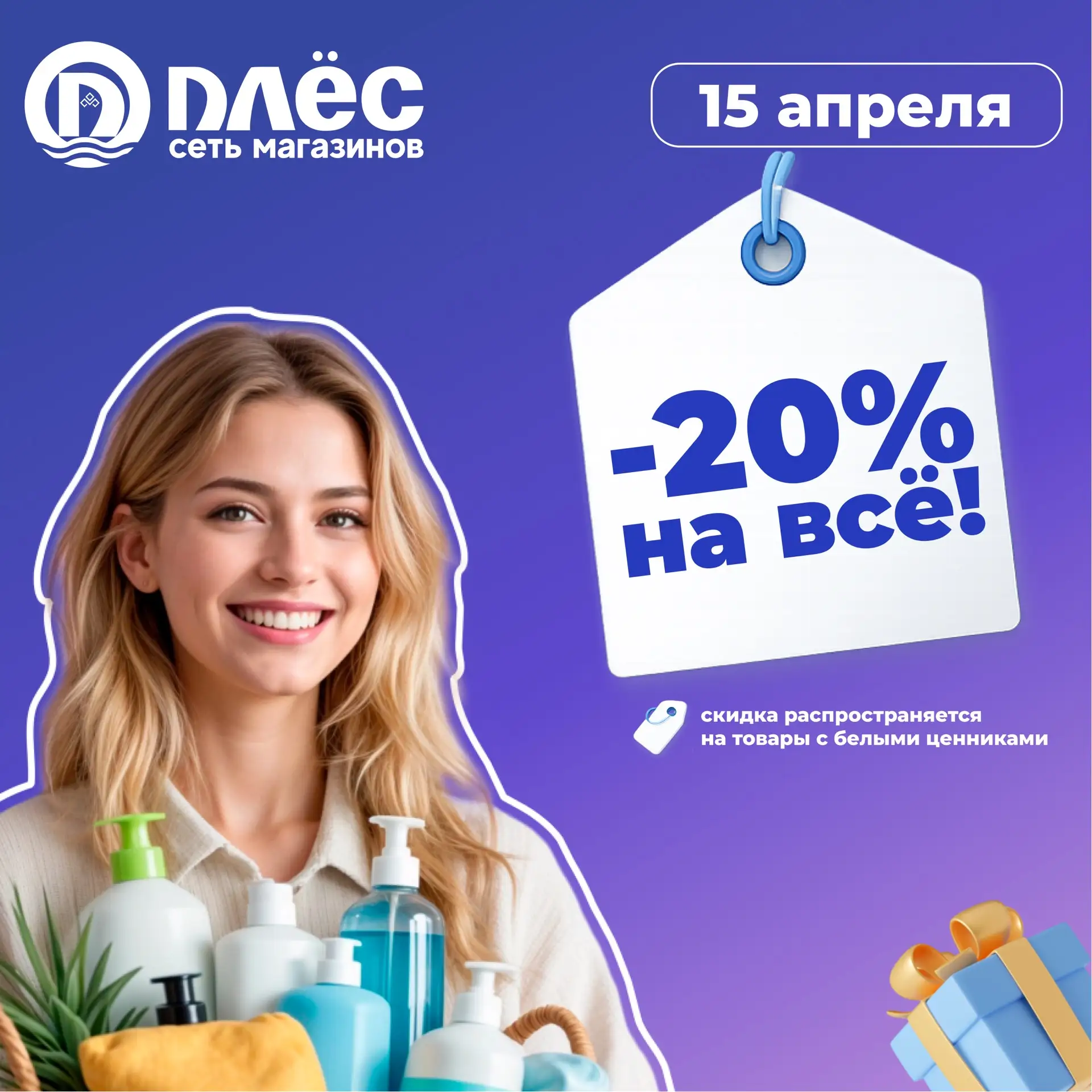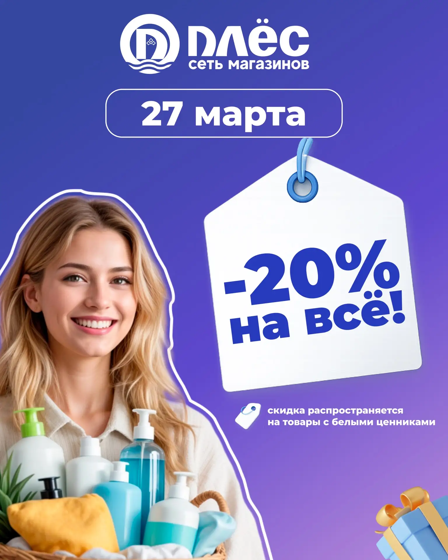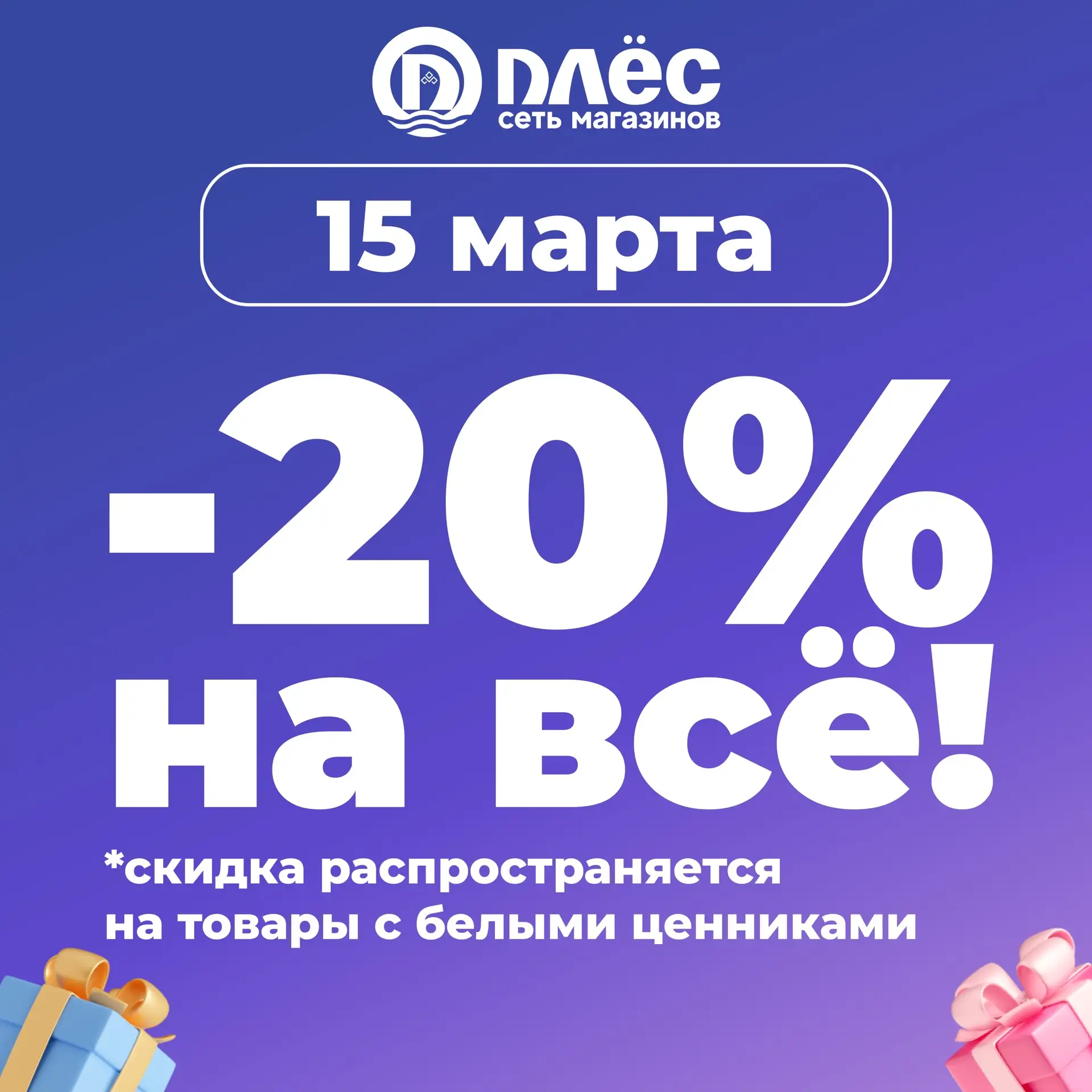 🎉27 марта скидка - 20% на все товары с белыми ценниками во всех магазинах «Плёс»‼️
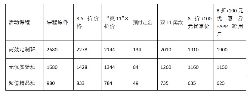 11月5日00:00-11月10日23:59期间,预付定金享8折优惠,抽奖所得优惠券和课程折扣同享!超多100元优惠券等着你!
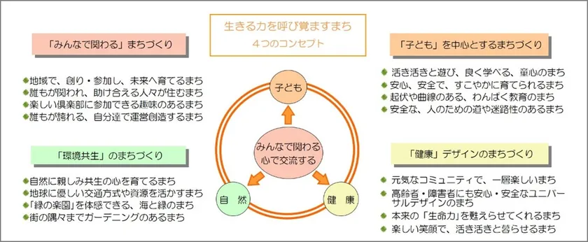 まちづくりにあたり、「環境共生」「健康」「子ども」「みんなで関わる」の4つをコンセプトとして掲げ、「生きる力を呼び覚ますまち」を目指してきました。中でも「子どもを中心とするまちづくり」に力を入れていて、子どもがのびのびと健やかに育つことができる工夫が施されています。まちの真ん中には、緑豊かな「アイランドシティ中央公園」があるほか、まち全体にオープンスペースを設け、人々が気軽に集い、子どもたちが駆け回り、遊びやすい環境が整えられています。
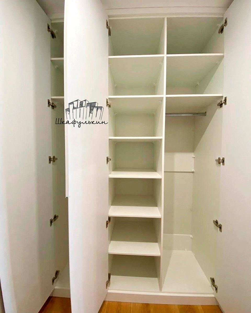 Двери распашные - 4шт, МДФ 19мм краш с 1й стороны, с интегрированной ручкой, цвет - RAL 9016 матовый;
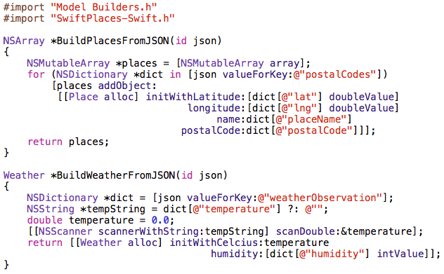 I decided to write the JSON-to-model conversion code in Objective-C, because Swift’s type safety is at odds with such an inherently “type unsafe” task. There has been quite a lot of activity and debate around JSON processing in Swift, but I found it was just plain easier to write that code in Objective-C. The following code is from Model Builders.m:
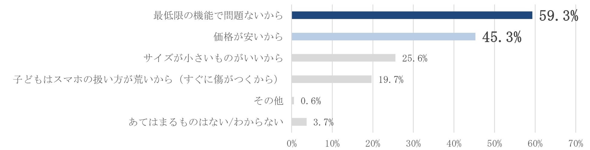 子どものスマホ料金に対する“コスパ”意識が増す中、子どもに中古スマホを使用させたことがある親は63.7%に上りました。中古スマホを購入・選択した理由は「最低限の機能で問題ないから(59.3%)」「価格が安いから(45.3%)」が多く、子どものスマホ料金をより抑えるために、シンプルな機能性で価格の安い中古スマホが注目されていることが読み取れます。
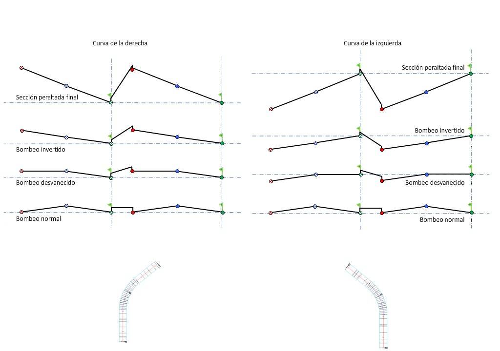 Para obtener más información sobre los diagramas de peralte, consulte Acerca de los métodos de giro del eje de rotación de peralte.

------------------------------------

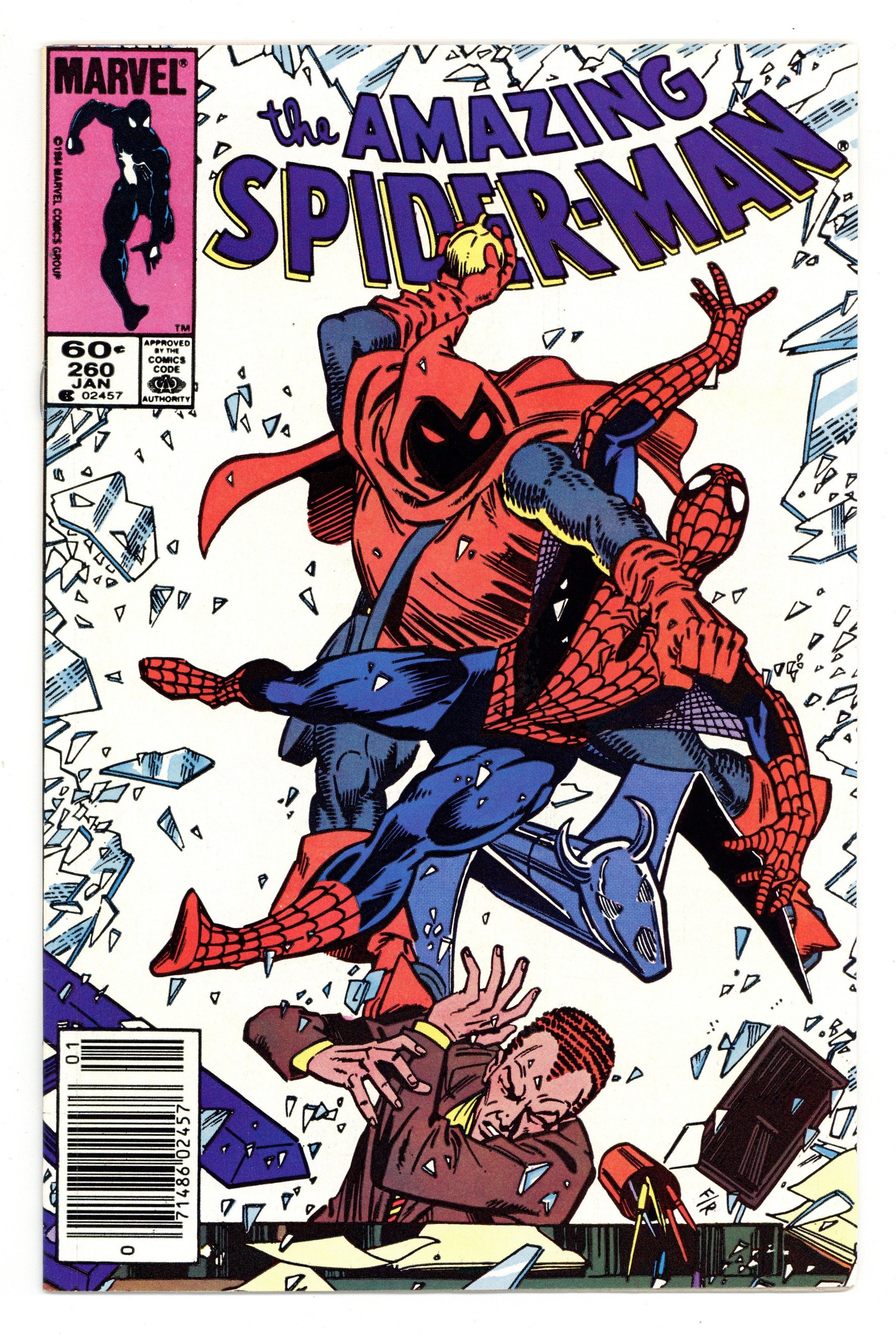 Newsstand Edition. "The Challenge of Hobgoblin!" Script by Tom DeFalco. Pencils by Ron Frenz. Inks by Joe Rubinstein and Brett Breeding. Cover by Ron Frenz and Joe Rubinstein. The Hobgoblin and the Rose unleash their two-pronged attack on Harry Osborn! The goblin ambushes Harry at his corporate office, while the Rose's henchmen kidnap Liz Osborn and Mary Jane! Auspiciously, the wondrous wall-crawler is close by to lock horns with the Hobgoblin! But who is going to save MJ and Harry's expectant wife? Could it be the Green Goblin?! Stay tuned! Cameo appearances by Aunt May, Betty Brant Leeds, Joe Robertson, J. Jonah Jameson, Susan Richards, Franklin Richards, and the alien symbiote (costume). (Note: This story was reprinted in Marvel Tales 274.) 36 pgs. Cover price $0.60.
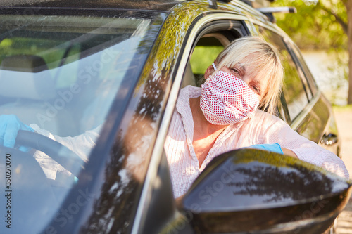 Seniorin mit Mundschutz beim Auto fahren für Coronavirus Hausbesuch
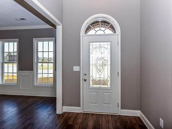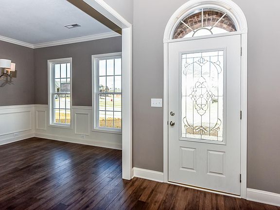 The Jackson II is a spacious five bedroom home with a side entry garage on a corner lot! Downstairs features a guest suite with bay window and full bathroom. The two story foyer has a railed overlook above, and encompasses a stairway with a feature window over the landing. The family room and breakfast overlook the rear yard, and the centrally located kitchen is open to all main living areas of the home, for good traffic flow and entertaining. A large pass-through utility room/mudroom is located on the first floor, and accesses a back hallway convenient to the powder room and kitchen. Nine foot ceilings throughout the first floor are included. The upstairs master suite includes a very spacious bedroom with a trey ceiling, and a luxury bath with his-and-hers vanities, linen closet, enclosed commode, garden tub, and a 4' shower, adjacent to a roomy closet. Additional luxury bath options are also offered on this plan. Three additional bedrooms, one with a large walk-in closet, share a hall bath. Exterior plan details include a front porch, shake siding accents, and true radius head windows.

------------------------------------

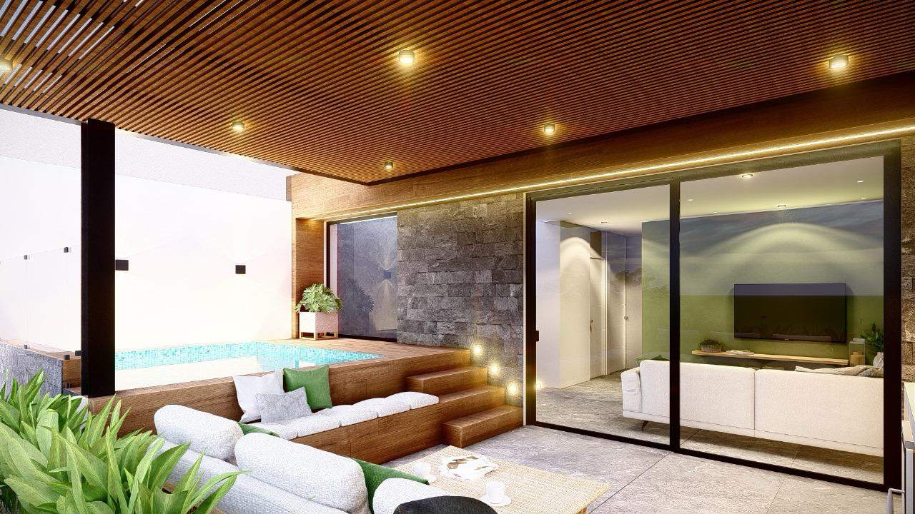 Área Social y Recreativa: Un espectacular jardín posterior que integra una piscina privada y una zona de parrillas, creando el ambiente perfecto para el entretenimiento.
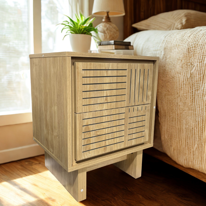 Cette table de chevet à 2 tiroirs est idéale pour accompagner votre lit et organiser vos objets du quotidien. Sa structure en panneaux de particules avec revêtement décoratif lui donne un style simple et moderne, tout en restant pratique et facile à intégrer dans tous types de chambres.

------------------------------------

Your assignment: For the material above, give again only the lines starting at the line that contains "Seniorin mit Mundschutz" and ending at the line that contains "The Jackson II". Pictures do not belong in the copy.

Answer to the problem:
 Seniorin mit Mundschutz beim Auto fahren für Coronavirus Hausbesuch
 The Jackson II is a spacious five bedroom home with a side entry garage on a corner lot! Downstairs features a guest suite with bay window and full bathroom. The two story foyer has a railed overlook above, and encompasses a stairway with a feature window over the landing. The family room and breakfast overlook the rear yard, and the centrally located kitchen is open to all main living areas of the home, for good traffic flow and entertaining. A large pass-through utility room/mudroom is located on the first floor, and accesses a back hallway convenient to the powder room and kitchen. Nine foot ceilings throughout the first floor are included. The upstairs master suite includes a very spacious bedroom with a trey ceiling, and a luxury bath with his-and-hers vanities, linen closet, enclosed commode, garden tub, and a 4' shower, adjacent to a roomy closet. Additional luxury bath options are also offered on this plan. Three additional bedrooms, one with a large walk-in closet, share a hall bath. Exterior plan details include a front porch, shake siding accents, and true radius head windows.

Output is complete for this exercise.